▶ [Extracted data entries]
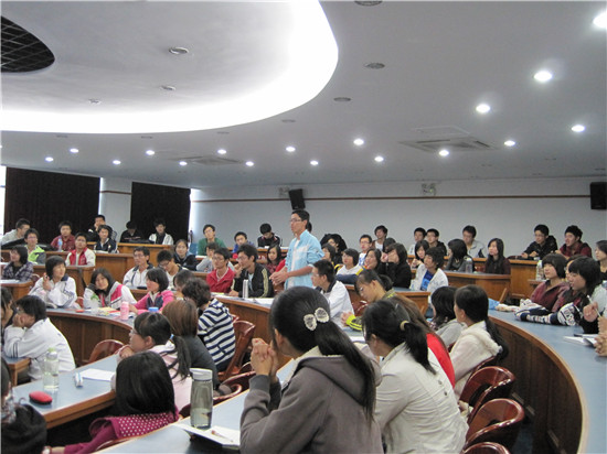 继而,谢海生教授为09级新生细细地讲解了厦门市环境发展史。他提出厦门是典型的亚热带海洋环境,水生生物和陆生生物多样性丰富,生态系统结构复杂。其中就有国家一级保护海生动物中华白海豚(又名‘妈祖鱼’)。谢教授又介绍到厦门环境保护的曲折历程。厦门是1387年建成的(即明洪武20),之后依次经历了“海防重镇”、“八闽门户”、“大炼钢”等事件,造成了大面积原始林的毁灭性破坏,再加上暴雨的冲刷使得土地石漠化;筑坝修路、围海造田缩短海岸线等造成了海域淤积和水体污染;化肥的大量使用令水体富营养化。在改革开放的前期和初期,厦门市还是烟囱林立、浓烟滚滚,污水横流、垃圾围城的,甚至于90年10月的全国首次卫检中处于倒数第二名。然而之后则正确的选择了走经济和环境相结合的双赢而取得了环保的辉煌成就。如建设工作机制、健全法制、合理制定规划和区划、开展产业结构调整和升级、加大宣传、科研和投入力度、开展一系列的综合整治和创建活动等。
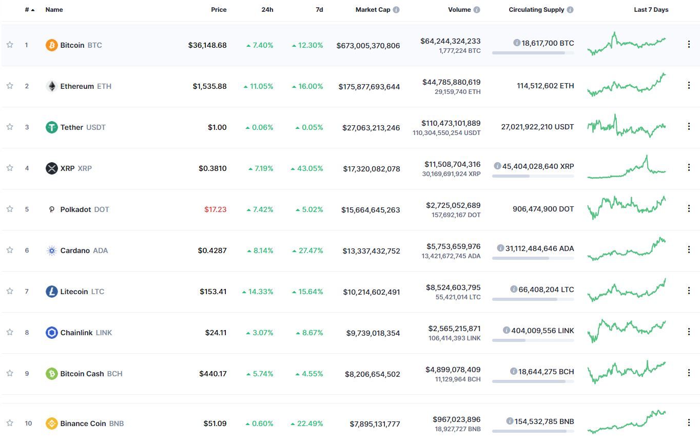 Среда началась с роста всех криптовалют из топ-10 рейтинга капитализации ресурса CoinMarketCap. Биткоин, по состоянию на 06:34 (МСК), торгуется по $36 148. За сутки криптовалюта подорожала на 7,40%, за неделю – на 12,30%.
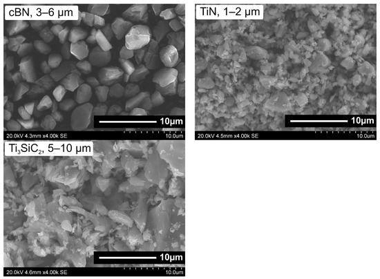 Cubic boron nitride (3–6 µm, Micron+ ABN M36, Element Six, Shannon, Ireland), titanium nitride (1–2 µm, C-grade, HC Starck, Goslar, Germany) and titanium silicon carbide (5–10 µm, Maxthal 312, KANTHAL, Hallstahammar, Sweden) powders were used as starting materials for preparing mixtures in the following proportion: 65% vol. cBN/20% vol. TiN/15% vol. Ti3SiC2. This composition was abbreviated as BNT after the names of the main components. Due to the fact that Ti3SiC2 powders rarely occur in pure, single-phase form, an XRD analysis was performed which showed that Maxthal 312 contains about 10 mass % of TiC. Figure 1 shows the morphology (SEM) of the powders selected for the composite mixture.
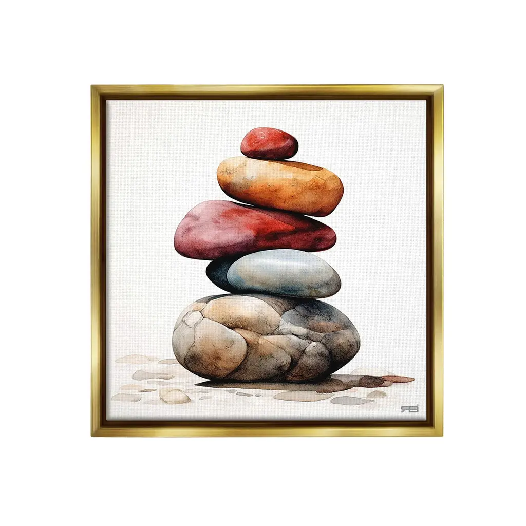Stupell Varied Stacked Rocks Framed Floater Canvas Wall Art Design By Rb - 18 X 18 - Brown
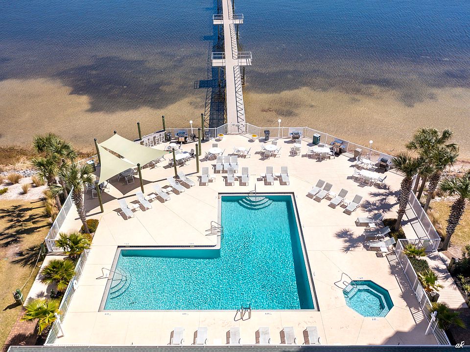 -Pool/hot tub deck overlooking the North Bay with grills and lounge areas
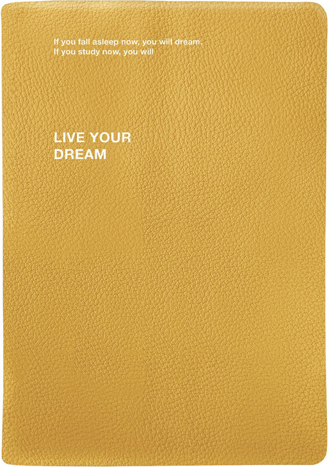 Обложка - интегральная, искусственная кожа с крупной фактурой, цвет - желтый. Блок - датированный, 352 стр., скругленные уголки, 2 ляссе, бумага: слоновая кость, скругленные уголки, 70 г/м2, печать 2+2. Особенности: отделка белой шелкографией, 2 цветных ляссе.

▶ [What is required] Write the records out again exactly as shown above, keeping no pictures.

▶ [Task solution]
 继而,谢海生教授为09级新生细细地讲解了厦门市环境发展史。他提出厦门是典型的亚热带海洋环境,水生生物和陆生生物多样性丰富,生态系统结构复杂。其中就有国家一级保护海生动物中华白海豚(又名‘妈祖鱼’)。谢教授又介绍到厦门环境保护的曲折历程。厦门是1387年建成的(即明洪武20),之后依次经历了“海防重镇”、“八闽门户”、“大炼钢”等事件,造成了大面积原始林的毁灭性破坏,再加上暴雨的冲刷使得土地石漠化;筑坝修路、围海造田缩短海岸线等造成了海域淤积和水体污染;化肥的大量使用令水体富营养化。在改革开放的前期和初期,厦门市还是烟囱林立、浓烟滚滚,污水横流、垃圾围城的,甚至于90年10月的全国首次卫检中处于倒数第二名。然而之后则正确的选择了走经济和环境相结合的双赢而取得了环保的辉煌成就。如建设工作机制、健全法制、合理制定规划和区划、开展产业结构调整和升级、加大宣传、科研和投入力度、开展一系列的综合整治和创建活动等。
 Среда началась с роста всех криптовалют из топ-10 рейтинга капитализации ресурса CoinMarketCap. Биткоин, по состоянию на 06:34 (МСК), торгуется по $36 148. За сутки криптовалюта подорожала на 7,40%, за неделю – на 12,30%.
 Cubic boron nitride (3–6 µm, Micron+ ABN M36, Element Six, Shannon, Ireland), titanium nitride (1–2 µm, C-grade, HC Starck, Goslar, Germany) and titanium silicon carbide (5–10 µm, Maxthal 312, KANTHAL, Hallstahammar, Sweden) powders were used as starting materials for preparing mixtures in the following proportion: 65% vol. cBN/20% vol. TiN/15% vol. Ti3SiC2. This composition was abbreviated as BNT after the names of the main components. Due to the fact that Ti3SiC2 powders rarely occur in pure, single-phase form, an XRD analysis was performed which showed that Maxthal 312 contains about 10 mass % of TiC. Figure 1 shows the morphology (SEM) of the powders selected for the composite mixture.
Stupell Varied Stacked Rocks Framed Floater Canvas Wall Art Design By Rb - 18 X 18 - Brown
 -Pool/hot tub deck overlooking the North Bay with grills and lounge areas
 Обложка - интегральная, искусственная кожа с крупной фактурой, цвет - желтый. Блок - датированный, 352 стр., скругленные уголки, 2 ляссе, бумага: слоновая кость, скругленные уголки, 70 г/м2, печать 2+2. Особенности: отделка белой шелкографией, 2 цветных ляссе.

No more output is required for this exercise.